Kurds, nationalists clash in Istanbul

A group of nationalist Turks threw stones at buses carrying pro-Kurdish demonstrators after clashes between Kurdish demonstrators and police in Istanbul, reports said.

Kurdish protesters also clashed with police

Tensions began on Sunday morning when Kurdish demonstrators in Istanbul threw stones and firebombs during a rally to protest the solitary confinement of imprisoned Kurdish rebel leader Abdullah Ocalan.
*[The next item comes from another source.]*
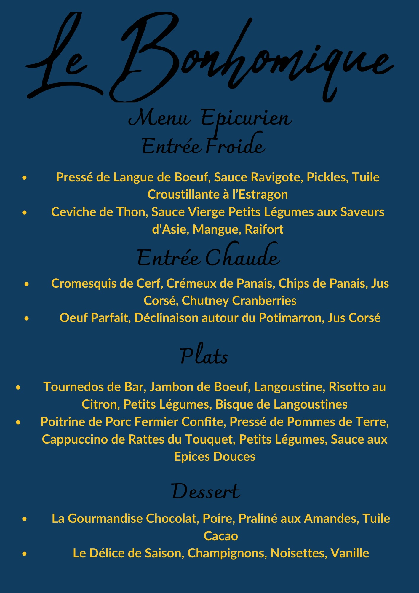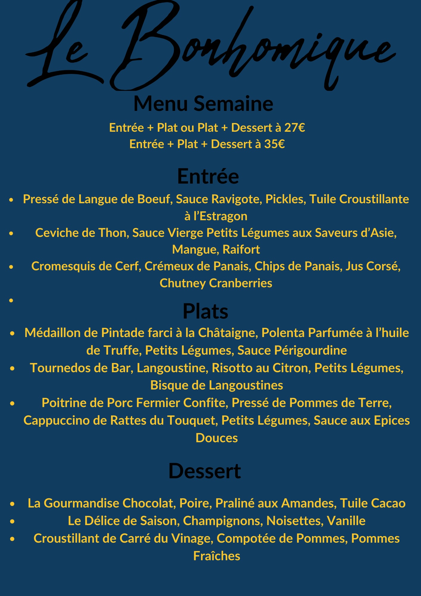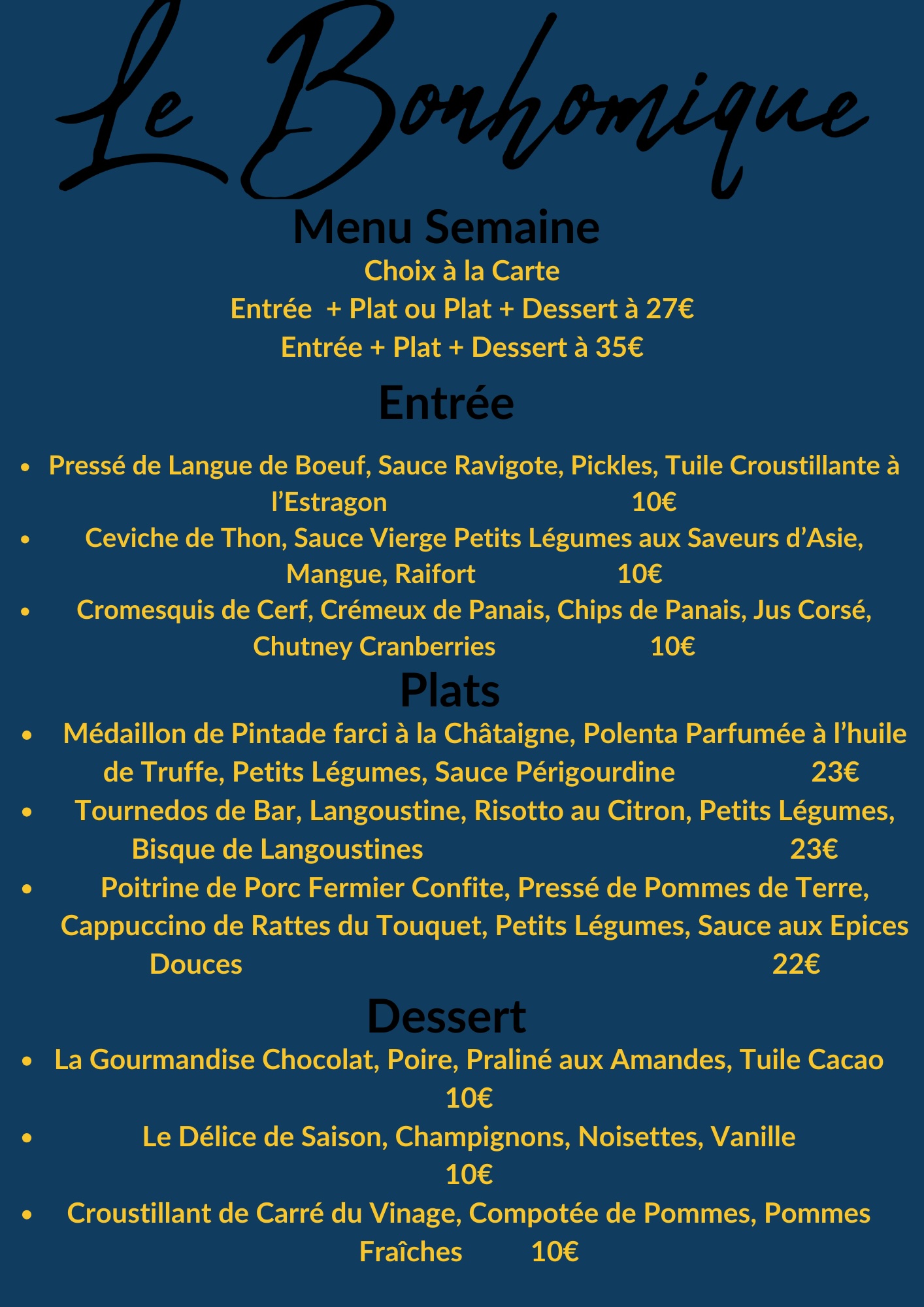 Menu pour les soirées du vendredi et samedi. Menu en 3 temps : Entrée au choix + Plat + Dessert Ce menu est présenté chaque vendredi matin.

Later, paramilitary police blocked thousands of other pro-Kurdish demonstrators from reaching the northwestern port town of Gemlik to stage an unauthorised demonstration. The port is used by Ocalan’s lawyers to travel to the prison island of Imrali, where the rebel leader is the only inmate.

Nationalist protest

Paramilitary troops stopped dozens of buses packed with demonstrators before they could reach Gemlik, in the western province of Bursa.

On their return, angry Turkish nationalists stopped the convoy at a makeshift roadblock in downtown Bozuyuk, in Bilecik province, set car tires on fire and smashed the windows of the buses with stones, video footage showed.

The protesters were confronted by nationalist Turks
The protesters were confronted by nationalist Turks

The protesters were confronted
by nationalist Turks

Several demonstrators were reported to be injured. Nationalist Turks are fiercely against any concessions towards Kurdish rebels who have been fighting for autonomy in southeast Turkey in a conflict that has claimed the lives of 37,000 people since 1984.

The semiofficial Anatolia news agency said some demonstrators were injured when the windows of the buses were smashed. Some Kurdish demonstrators clashed with the nationalists and some police officers were also reportedly injured by flying stones, local reporters said.

Police evacuated at least five injured demonstrators, including a man with a bloodied face, from the scene in an armored personnel carrier, the footage showed.

Escalation

Paramilitary troops and police were reinforced in the town and the situation was still tense.

Earlier in Istanbul, riot police used tear gas and pepper spray to break up hundreds of Kurds who attacked police with stones and firebombs. Police detained 88 demonstrators.

Protesters reject the solitary confinement of Ocalan
Protesters reject the solitary confinement of Ocalan

Protesters reject the solitary
confinement of Ocalan

Ocalan’s Kurdish rebel group, the Kurdistan Workers Party, or PKK, announced a unilateral cease-fire on 19 August after Prime Minister Recep Tayyip Erdogan vowed to improve economic conditions in predominantly Kurdish areas and offer greater cultural freedoms for Kurds.

The United States and European Union list the PKK as a terrorist organisation. Turkish officials have not responded to the truce, and military officials have repeatedly said that they will fight until all rebels surrender or are killed.

A senior rebel commander, Murat Karayilan, accused Turkey of not responding in kind and said he would not be “held responsible” if violence increased after the one-month cease-fire expired on 20 September, the pro-Kurdish Ozgur Gundem newspaper reported.

In fresh violence on Sunday, Turkish troops killed two Kurdish rebels near the southeastern city of Tunceli, the Anatolia news agency reported.